● Requirement
What is needed here is an exact printout of the data, with no pictures included.

● Data extract
<<<<
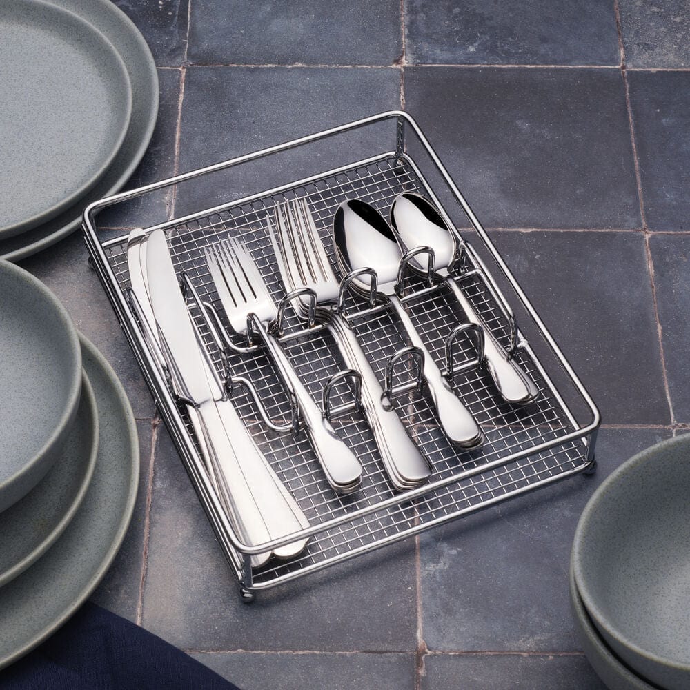 Be the first to review “Symmetry 20 Piece Flatware Set with Caddy. Service for 4”
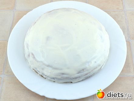 Таким образом собрать весь торт. Промазать сметаной верхний корж и бока торта.
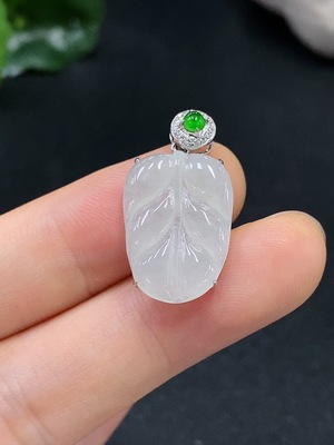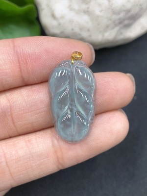 F16732198 Jadeite Leaf Pendant with 18K Gold Bail, Total Weight 1.632g
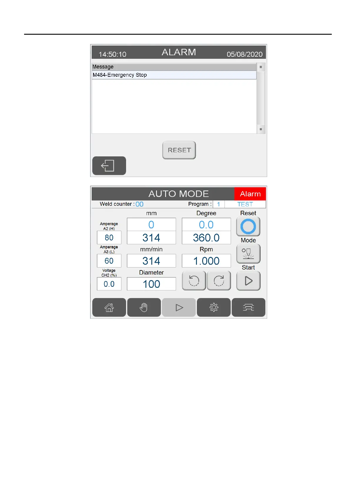 Pressing alarm window’s “close” icon without reset disables the alarm window. A red square would
>>>>
● Written response
 Be the first to review “Symmetry 20 Piece Flatware Set with Caddy. Service for 4”
 Таким образом собрать весь торт. Промазать сметаной верхний корж и бока торта.
 F16732198 Jadeite Leaf Pendant with 18K Gold Bail, Total Weight 1.632g
 Pressing alarm window’s “close” icon without reset disables the alarm window. A red square would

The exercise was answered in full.